[Excerpted records Boundary: Start]

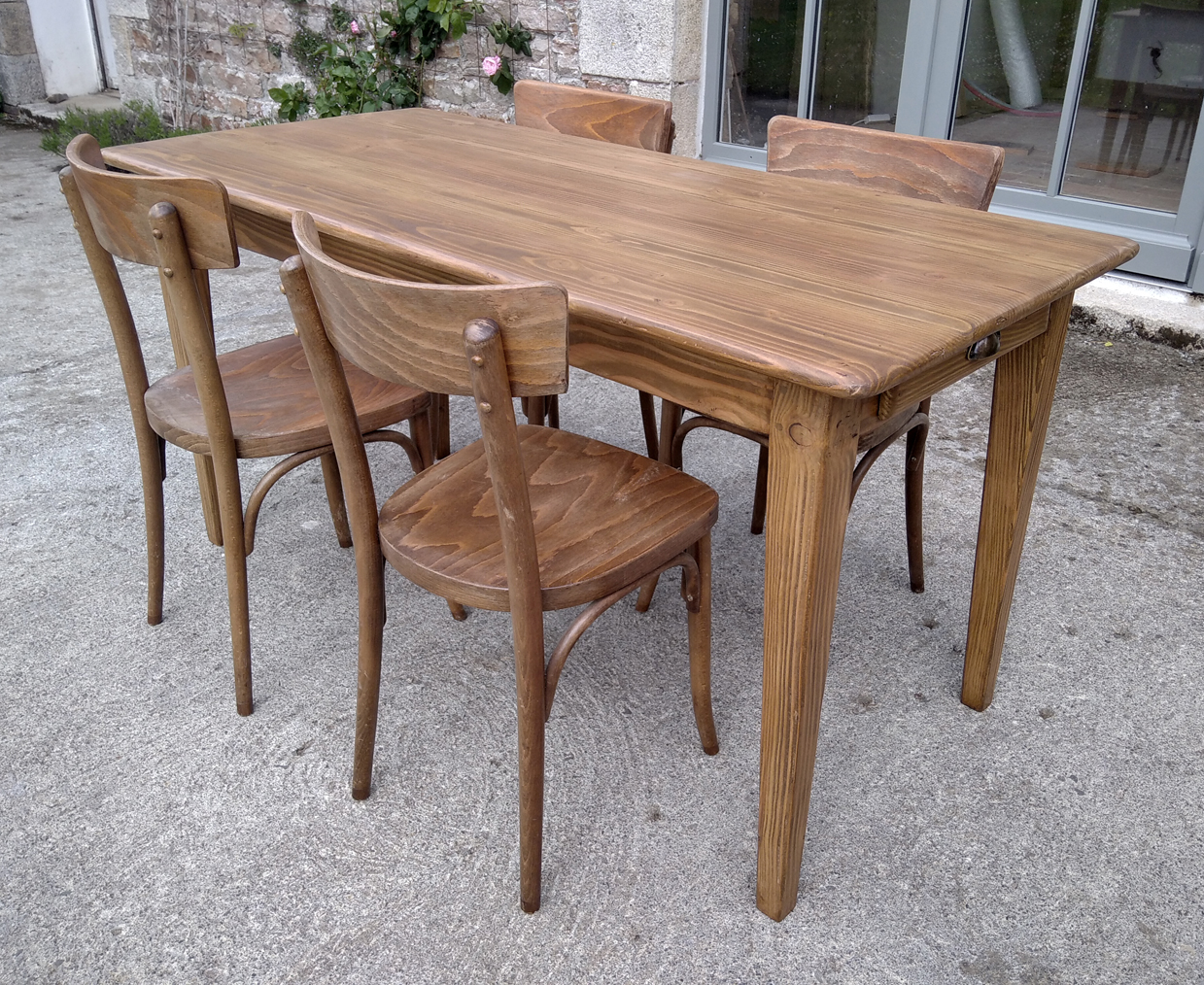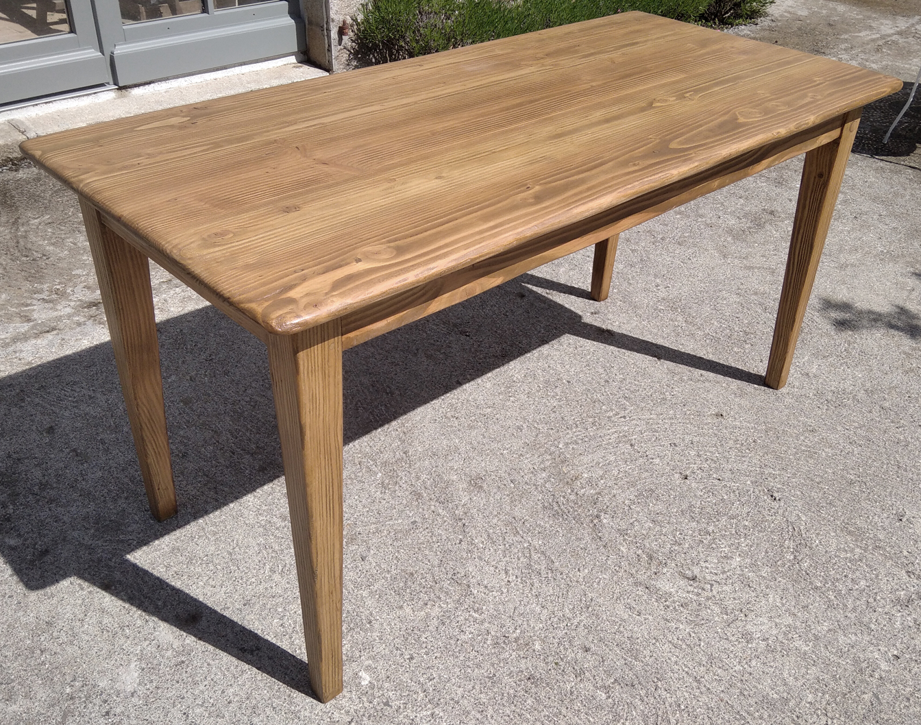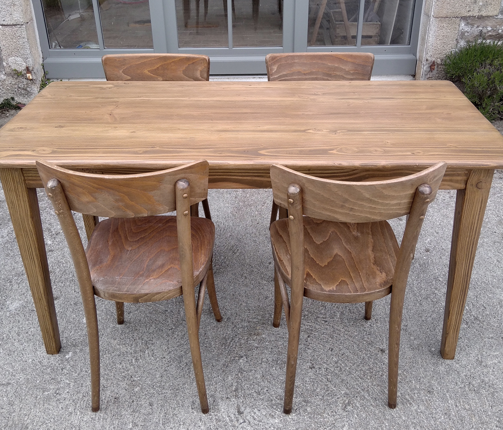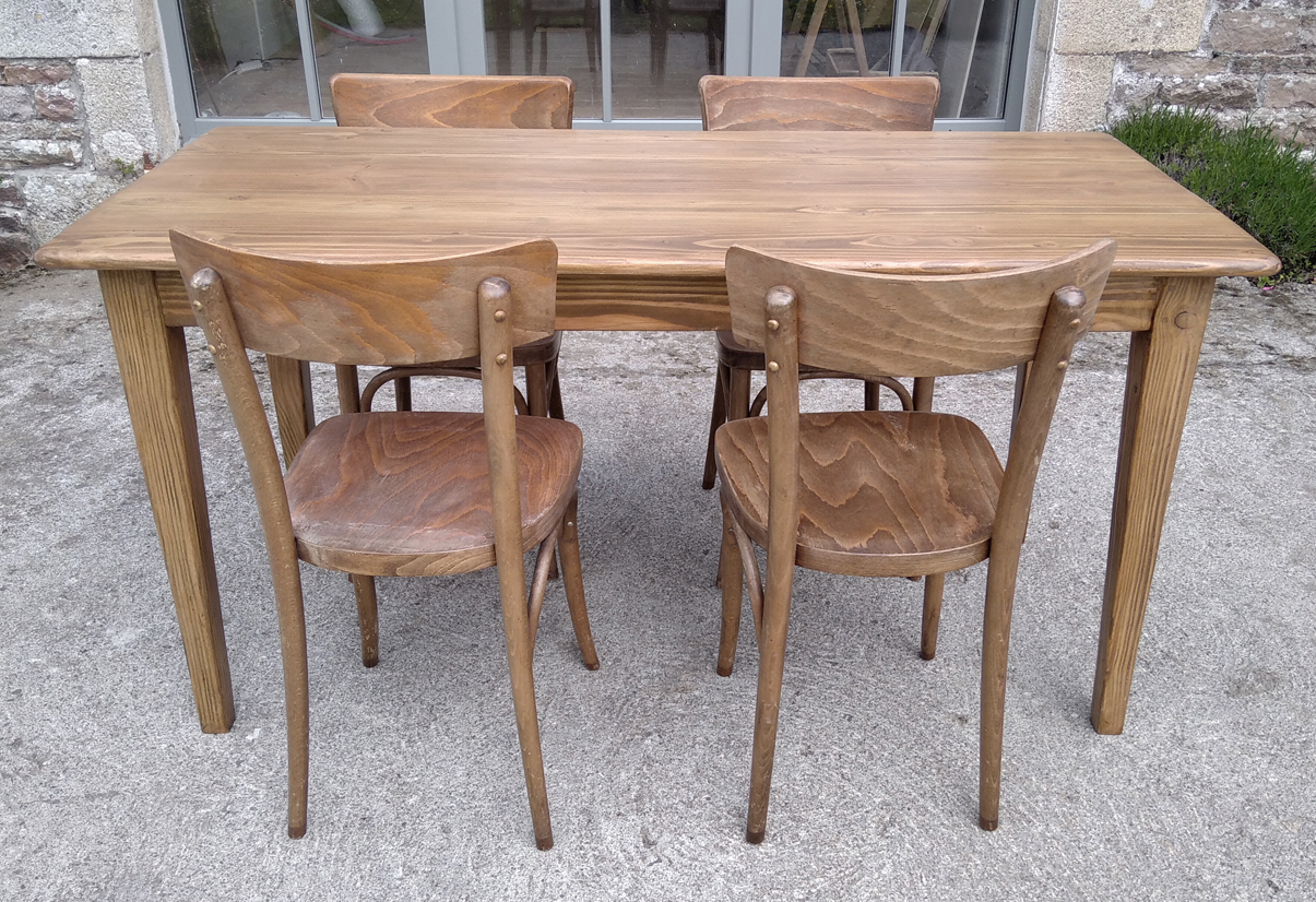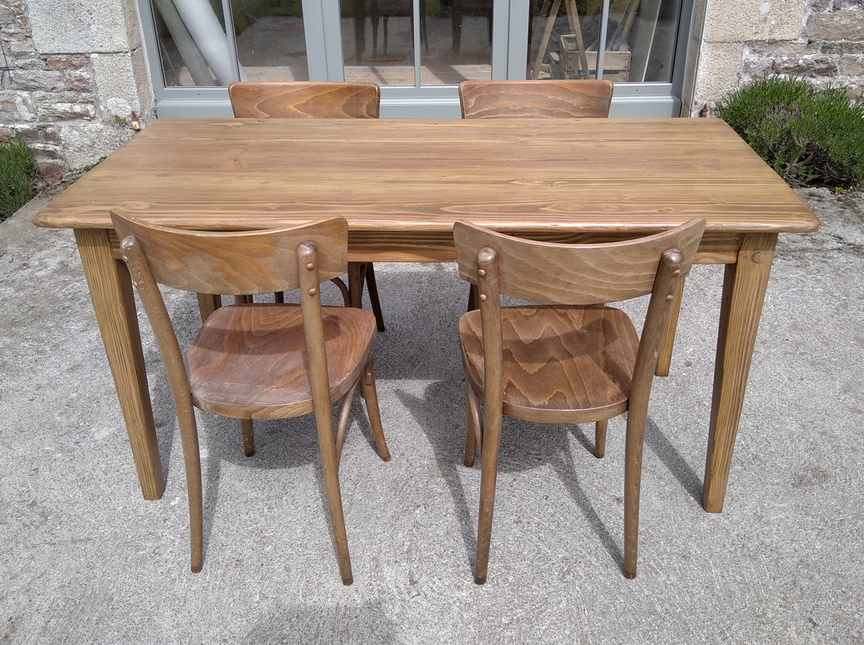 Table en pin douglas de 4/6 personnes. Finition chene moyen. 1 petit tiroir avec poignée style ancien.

[Excerpted records Boundary: End]
[Excerpted records Boundary: Start]

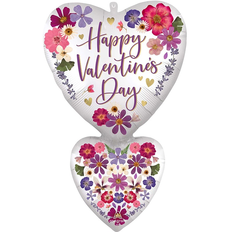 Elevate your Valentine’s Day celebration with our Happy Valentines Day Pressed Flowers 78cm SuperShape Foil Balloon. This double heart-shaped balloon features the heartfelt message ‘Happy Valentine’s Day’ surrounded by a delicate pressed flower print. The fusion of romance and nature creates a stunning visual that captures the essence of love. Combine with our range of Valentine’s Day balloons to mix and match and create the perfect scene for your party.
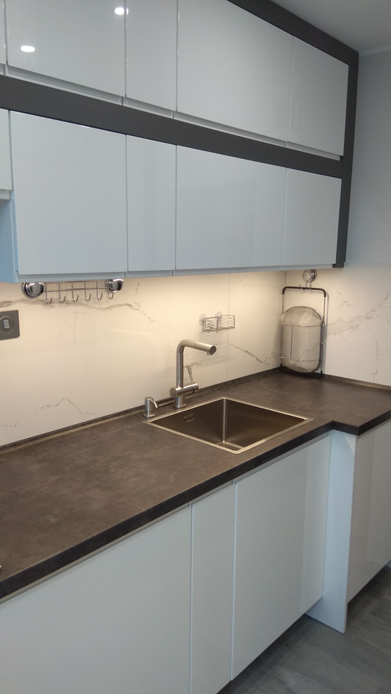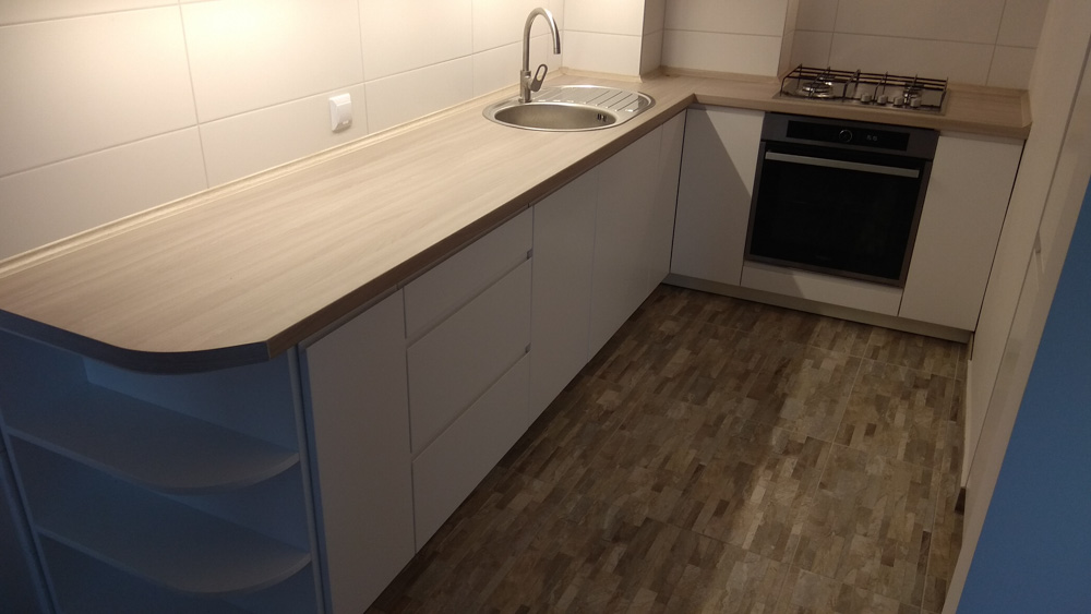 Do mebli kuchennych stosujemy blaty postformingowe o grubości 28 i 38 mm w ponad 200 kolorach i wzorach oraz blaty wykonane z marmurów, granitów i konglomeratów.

[Excerpted records Boundary: End]

Aim of the exercise :: Would you output only the span of the records above that opens with the line containing "Elevate your Valentine’s" and closes with the line containing "Do mebli kuchennych", ends included and pictures dropped?

Output ::
 Elevate your Valentine’s Day celebration with our Happy Valentines Day Pressed Flowers 78cm SuperShape Foil Balloon. This double heart-shaped balloon features the heartfelt message ‘Happy Valentine’s Day’ surrounded by a delicate pressed flower print. The fusion of romance and nature creates a stunning visual that captures the essence of love. Combine with our range of Valentine’s Day balloons to mix and match and create the perfect scene for your party.
 Do mebli kuchennych stosujemy blaty postformingowe o grubości 28 i 38 mm w ponad 200 kolorach i wzorach oraz blaty wykonane z marmurów, granitów i konglomeratów.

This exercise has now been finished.